С тех пор как Серебряков в интервью Юрию Дудю назвал национальной идеей России «силу, хамство и наглость», прошло больше года, и все это время возмущенная общественность и СМИ не оставляли в покое актера, несколько лет назад переехавшего жить в Канаду. Сам Серебряков не отказывается от общения с журналистами, но при встрече он первым делом предупредил: «Я только по поводу кино. Только по поводу кино. Только по поводу кино».
— Экзотическое название картины, в котором кто-то может услышать название грузинского ресторана, в общем-то не оставляет вопросов у тех, кто досмотрел ее до конца (подробнее о фильме читайте здесь). Но вот я слышал такую версию: главные герои фильма не могут услышать друг друга, и из этого возникает метафора с отрезавшим себе ухо Ван Гогом... Как вам такой поворот?

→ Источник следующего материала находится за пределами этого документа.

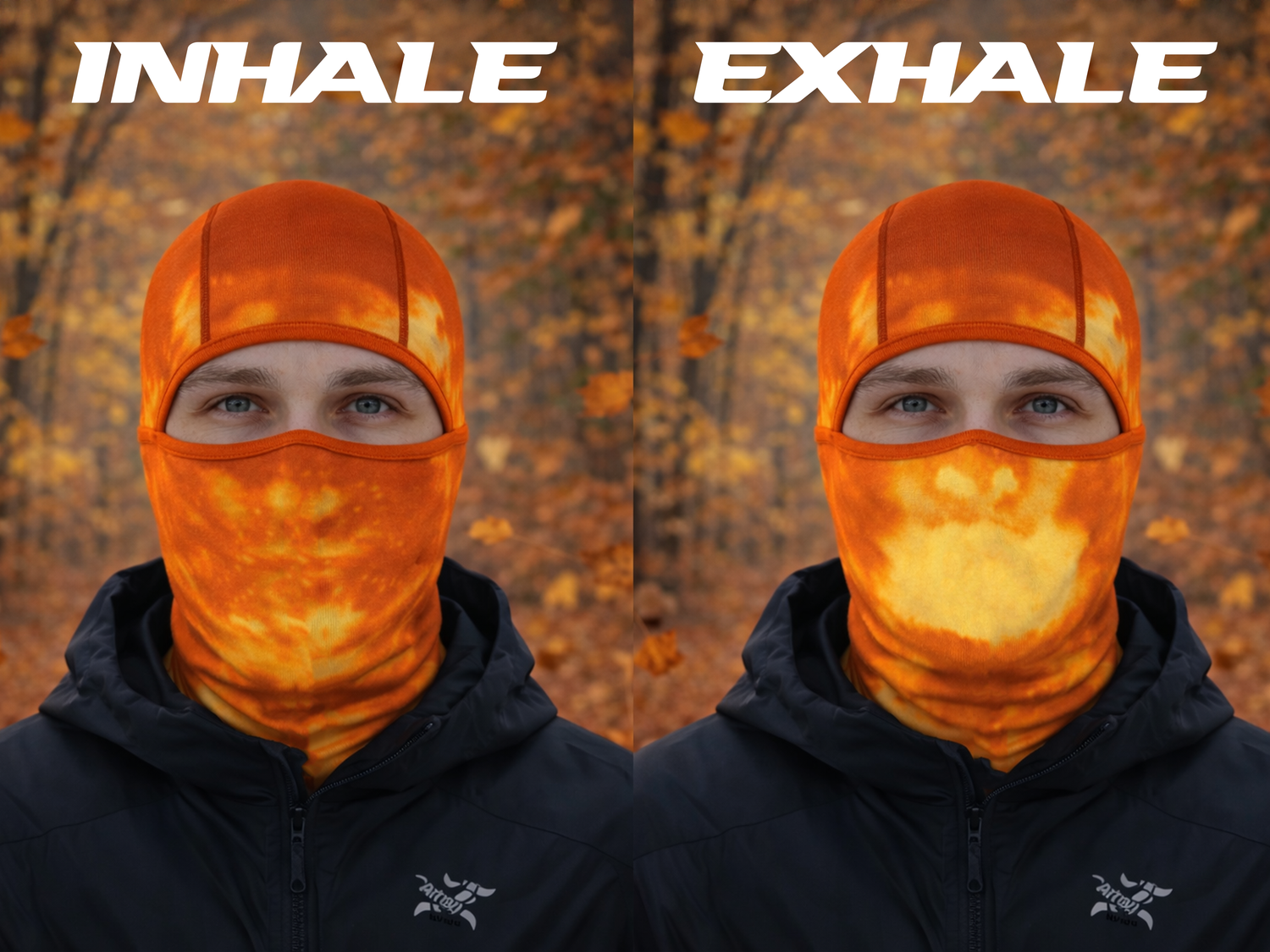 Wärmereaktive Fasern, die sich durch Atem und Körperwärme aktivieren und einen dynamischen Farbwechsel offenbaren.

— Не знаю. Вряд ли Сережа Ливнев, когда писал сценарий, думал об этом. Конечно, нет.
— Я так понимаю, что вы с Ливневым знакомы очень давно, и начиналось все с довольно безумной картины «Серп и молот»...
— Очень хорошее кино, на мой взгляд. И, более того, современное. Его и сейчас можно смотреть с удовольствием. Мы с Сережей действительно познакомились на этой картине. Потом мы на какое-то время расстались, он эмигрировал в Америку, продюсировал там фильмы, в одном из которых я снимался («Второй фронт» — Прим ред.). Потом уже здесь, в Москве, он продюсировал кино на студии «Леополис», которую сам и создал, в том числе фильм «Пирамммида» — в нем я сыграл Сергея Мавроди. И вот наконец Сережа, наверное, понял, что он не продюсер, и решил вернуться к режиссуре и написанию сценариев. Так появились «Ван Гоги», которых он писал специально для меня.

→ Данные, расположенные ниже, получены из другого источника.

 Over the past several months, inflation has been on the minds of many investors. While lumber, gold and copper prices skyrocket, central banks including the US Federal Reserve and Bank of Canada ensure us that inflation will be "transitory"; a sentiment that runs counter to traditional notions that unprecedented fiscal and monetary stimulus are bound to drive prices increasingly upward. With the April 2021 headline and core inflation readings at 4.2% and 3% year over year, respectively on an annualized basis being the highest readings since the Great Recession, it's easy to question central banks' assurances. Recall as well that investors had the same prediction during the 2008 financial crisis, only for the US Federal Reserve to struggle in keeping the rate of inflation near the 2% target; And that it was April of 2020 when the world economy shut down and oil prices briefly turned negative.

— Почему вы стали друзьями, а не остались просто коллегами?
— Сережа — очень порядочный человек. Воспитанный, умный, глубокий, очень подробный, очень добрый и щедрый. Он очень хороший.

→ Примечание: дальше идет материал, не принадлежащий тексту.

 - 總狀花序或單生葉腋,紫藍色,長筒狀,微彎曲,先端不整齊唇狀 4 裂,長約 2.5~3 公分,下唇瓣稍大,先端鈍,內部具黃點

— Прекрасно, что Сергей расстался с продюсированием и вернулся к режиссуре и написанию сценариев. Мне вот непонятно, как человек, сочинивший «Ассу», мог заниматься производством таких фильмов, как «Гитлер капут!», «Ржевский против Наполеона» или «Любовь в большом городе».
— Да, для меня это тоже удивительно. Этот вопрос, конечно, надо задать ему, но вообще я понимаю это так: Сережа по природе шахматист. Он выстраивает схемы и отрабатывает их, чтобы добиться результата. Он хотел пробить кассу, сделать так, чтобы кино было рентабельным и приносило прибыль, и его картины действительно стали приносить прибыль. Ему было интересно построить такую систему — он ее построил. Но параллельно он продюсировал и документальные фильмы Виталия Манского и много чего еще. Потом он пошел дальше, вот и все.
«Ван Гоги» не делались как коммерческий проект, это скорее исповедь. Сереже было важно сделать это кино, чтобы разобраться с самим собой, и я надеюсь, что он именно это и сделал. На коммерческий успех никто и не рассчитывал.
— Но вам же важно, сколько людей его посмотрит?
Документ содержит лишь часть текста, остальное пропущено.